There are enough other reasons for these mechanisms to exist.
They are costly to implement and nobody did this lightly.

Consider that Posix lets you install signal handlers,
for a process with sigaction. Is there a way to do it per thread?
Clearly what Posix calls a "signal", Windows calls an "exception".
So why dows Windows call them called "structured" exceptions, vs just plain "exceptions"?

"SEH" structured exception handling has become imbued with very negative connoations,
because you can catch access violations, and this causes bugs, security bugs.

However, it is simply a reasonable general purpose mechanism, and underlies C++ exceptions and C# exceptions. Don't fault it for providing a bit more functionality than most people want.
If this functionality was not provided here, and anybody wanted it, they would be hard pressed
to get their job done well. And there are cases where it is crucial that I might cover later.
The operating system's job is to provide very general purpose mechanisms that most people
never use to their full functionality, aiming to provide the union of everyone's needs.
Satisfying everyone is a big feature set.

Anyway, I believe what "structured" means is in fact:
Instead of calling a function to set or unset a thread's or process's handler,
"structured" exception handlers are established/unestablished very efficiently by
virtue of static lexical scoping and dynamic scope i.e. stack walking.
"structured" means almost the same thing as "scoped".

Consider:

void f1();

void f2()
{
__try
{
     f1();
     __try
     {
         f1();
     }
     __except(...)
     {
     }
}
__except(...)
{
     ...
}
}

void f1()
{
__try
{
     ... ;
}
__except(...)
{
     ...
}
}

What would this look like using Posix signals?
Every enter and exit of a __try, and rougly, every exit of an __except,
would require an expensive call to establish or unestablish a handler.

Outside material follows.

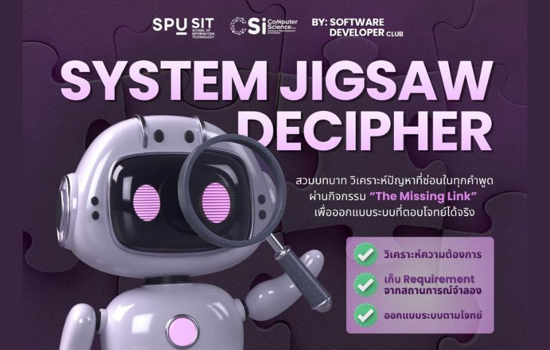 คณะเทคโนโลยีสารสนเทศ มหาวิทยาลัยศรีปทุม (SPU) เตรียมจัดกิจกรรม “SYSTEM JIGSAW DECIPHER” ชวนเหล่านักศึกษา SPU มาสวมบทบาทเป็น “นักสืบสาย Dev” ร่วมไขปริศนา “The Missing Link” ในระบบที่เปรียบเสมือนจิ๊กซอว์ที่ยังต่อไม่สมบูรณ์ ผ่านสถานการณ์จำลองจากโลกการทำงานจริง เปิดโอกาสให้ผู้เข้าร่วมได้ฝึกทักษะสำคัญของนักพัฒนาระบบ ตั้งแต่การ วิเคราะห์คำพูดของลูกค้า เก็บ Requirement อย่างแม่นยำ ไปจนถึงการออกแบบระบบ (System Design) ให้ตอบโจทย์ธุรกิจอย่างมืออาชีพ โดยกิจกรรมจะจัดขึ้นในวันที่ 14 มีนาคม 2026 เวลา 09.00 – 16.30 น. ณ ห้อง 5-902 มหาวิทยาลัยศรีปทุม กทม. รับจำนวนจำกัดเพียง 40 คน สำหรับนักศึกษา SPU เท่านั้น เพื่อร่วมพิสูจน์ว่า ทีมใดจะสามารถค้นพบ Missing Link ของระบบได้ก่อน ในสนามท้าทายที่ผสานการเรียนรู้กับการลงมือปฏิบัติจริงอย่างเข้มข้น

Assuming there is a way to do it per-thread.
Absent that, you would establish a handler per process that you communicate
with somehow so it can determine lexical scope and walk the stack for dynamic scope.
Maybe via thread locals, maybe optimized "thread local storage", which is a far cry
efficiency-wise from how Windows achieves this.

On Windows, the cost of entering and exiting a __try is very small
on 32bit x86, and essentially zero on all other architectures.
The costs on the other architectures is generate some cold data on the side
at compile/link time, and *perhaps*, but perhaps not, some compiler optimization
inhibitions.

On non-x86 platforms, communication of lexical scope is achieved by mapping
the instruction pointer (or relative virtual address within a module) to static data.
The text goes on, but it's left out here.